What you've said is a good reminder...

for us all to watch our complacency. I see there's still around a dozen active Superfund sites in KY. I hope the folks in Paducah are keeping an eye on the diffusion plant.

Since this thread is about health care, it may be that America's complacency or "extreme willful ignorance" about the cost of care has resulted in the most expensive long-term scam on any human population, ever! I think many people know but feel completely powerless.

Congrats on planting that seed at Maxey!

No, but I am now, LOL. Thanks!

The "enviro" in my moniker relates primarily to industrial air pollution control.

That's a very interesting story (I just read the Wiki on it) and just like many other sites in KY (coal mines, Ft. Knox, power plants, etc.), we'll be paying for them for centuries! I don't trust KY or the EPA (now!) to properly monitor and/or remediate that site.

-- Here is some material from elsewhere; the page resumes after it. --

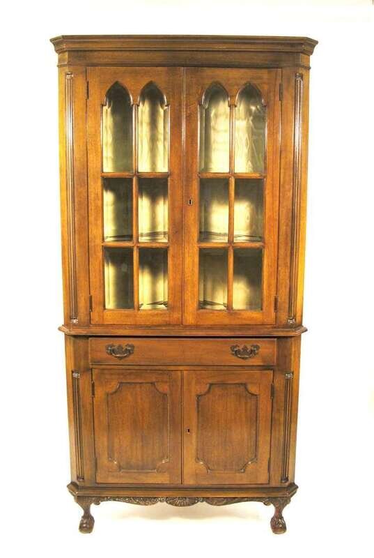 The triangular shaped top over conforming case in two parts: the upper section with twin glazed cupboard doors opening to two shelves above lower section with single long drawer over twin paneled doors opening to single shelf interior, raised on squat cabriole legs terminating in ball and claw feet.

Many extremely nasty and dangerous hazardous sites in the US are kept carefully hidden and behind secure fences. Unfortunately, fences do not stop the flow of water run-off, leaching into water tables, and wind-blown hazardous particulates.

Awareness and education is key right now.

Although it has little or no chance now, we all need to keep this issue in the spotlight as much as possible. At this time, I believe a very small percentage of the public understand single payer.

If the general public becomes well informed on the advantages of single payer and on why it's opposed by the insurance industry, it should eventually win.